The Holy Spirit is a Person possessing a form knowable by the spirit/heaven dimension of heaven/earth and is one Spirit with our spirits. Jesus Christ is a Person possessing a form knowable by the physical/earth dimension of heaven/earth and is one Flesh with our bodies.
 
Relationship
The Father dwells IN Christ Jesus, the Spirit of God and the Son of God, always together, NEVER EVER separate in any way, and expresses Himself through Them that Father might be seen and known by His creation. The relationship by which one Person, Father God, can dwell in and together with two other Persons, always together, is called symmorphy - I am in the Father and the Father in Me.

God is eternal; therefore, His dwelling in and revealing Himself by Spirit and Son is always NOW. God is infinite; therefore, His dwelling in and revealing Himself by Spirit and Son is always HERE. God is a Person; therefore, He dwells in and reveals Himself only by very personal Persons.

Defining Symmorphy to Father and Son
Let’s recast our definition of symmorphy to fit Father and Son.

Noun: 1. The state or condition of the Son being fused utterly together with the Father such that the two Persons, Father and Son, exist and express themselves together as one. 2. Two persons, Father and Son, sharing the same form.
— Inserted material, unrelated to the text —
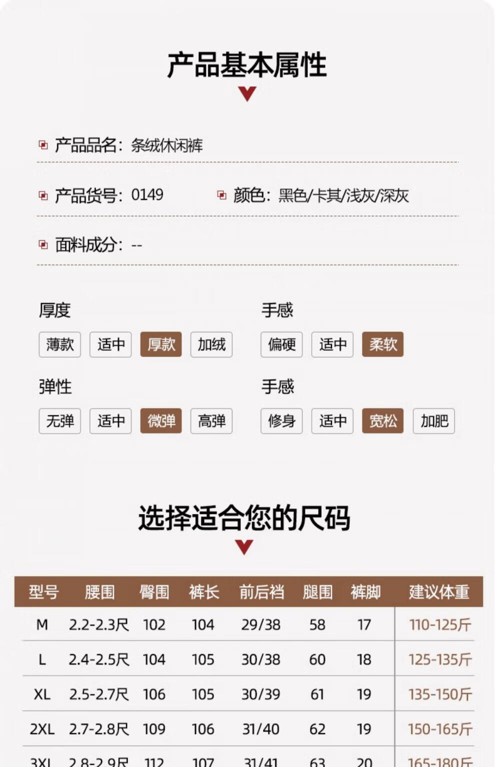China (cm) 165 / 88-90 170 / 96-98 175 / 108-110 180 / 118-122 185 / 126-130

Verb: 1. Energizing the processes by which the Son, an eternal and omnipresent Human, and God are fused together as one. 2. Father and Son being formed together, formed together with, having the same form, being fashioned together. 3. The Son actively engaging with the Father as one Person together.

What Is Man?
As I finished recasting the definitions of Symmorphy in the last slide, I found myself gazing into infinity and eternality. I can see no end, yet this Symmorphic God is ALL HERE NOW and Personal in me.

Yet what am I? I’m just a little man, pacing back and forth in his pajamas this morning between writing every line.

What is man that You are mindful of him, or the son of man that You visit with Him? – And there I will meet with you, and I will speak with you from above the mercy seat (Exodus 25:22).

What is a God who lives in my heart?